The 98th Civil Affairs Battalion (Airborne) is a civil affairs battalion of the 95th Civil Affairs Brigade (Airborne), based at Fort Bragg, North Carolina, and part of the 1st Special Forces Command (Airborne). The battalion was activated on 16 March 2008 at Fort Bragg and was assigned to the 95th Civil Affairs Brigade. As of March 2008, soldiers of the 98th Civil Affairs Battalion were participating in Operation Iraqi Freedom and other operations in Africa. Other 98th Civil Affairs Battalion soldiers were expected to deploy overseas later in 2008.

==History==
The 98th Civil Affairs Battalion was constituted on 25 August 1945 in the Army of the United States as the 98th Headquarters and Headquarters Detachment, Military Government Group and activated the next day at the Presidio of Monterey, California. The unit was deployed to Korea to assist with its occupation at the end of World War II and was officially inactivated on 25 January 1949 in Korea.

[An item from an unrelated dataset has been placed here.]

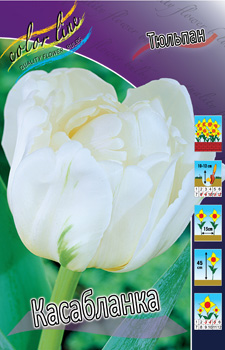 Тюльпан Касабланка относится к группе Махровые поздние, высота растения до 45 см, цветок густомахровый, напоминающий цветок пиона (пионовидный). Размер бутона 6-7 см в высоту и 8-10 см в диаметре. Окрас цветка кремовый. Посадка - август, сентябрь, октябрь. Глубина посадки зависит от размера луковицы и её определяют как 3 высоты луковицы, если считать от её донца, а густоту - как 2 диаметра луковицы. Период цветения - май - июнь. Почва - нейтральная или известково - кислая. Использование махровых тюльпанов: декоративные посадки, срезка, ускоренная выгонка. К достоинствам махровых поздних тюльпанов можно отнести долго не увядающие цветки, высокие крепкие цветоносы и сравнительно продолжительный период цветения, длящийся в среднем три недели.Характеристики
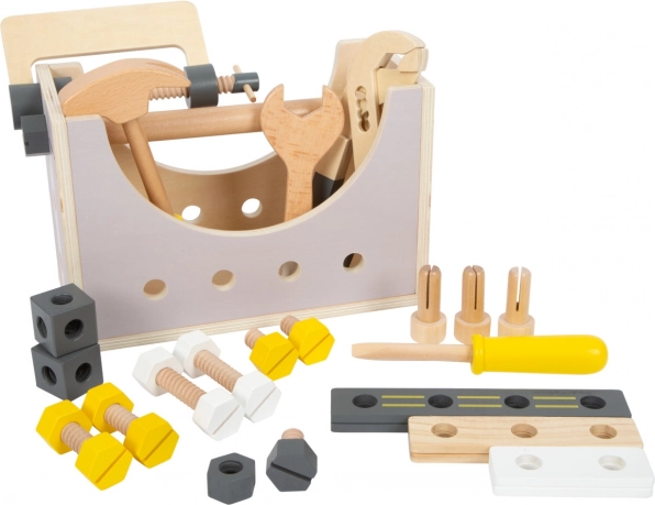 Le set comprend 5 outils en bois – marteau, clé, tournevis, pince étau et étau – ainsi que de nombreux éléments pour des projets créatifs. La poignée amovible et les ouvertures pratiques permettent de tout ranger rapidement, ce qui rend la caisse idéale pour les voyages.

The unit was consolidated on 31 December 1989 with Headquarters and Headquarters Detachment, 3rd Civil Affairs Group. 3rd Civil Affairs Group had been first constituted on 1 December 1967 in the Regular Army as Headquarters and Headquarters Detachment, 3rd Civil Affairs Group and activated on 1 October 1968 in the Panama Canal zone. It was inactivated there on 31 December 1974. The consolidated unit was re-designated as the 98th Civil Affairs Group and concurrently allotted to the Regular Army. Still inactive, the unit was renamed on 16 September 1992 as the 98th Civil Affairs Battalion.

The unit is currently focused to support operations within the United States Southern Command (SOUTHCOM) area of responsibility.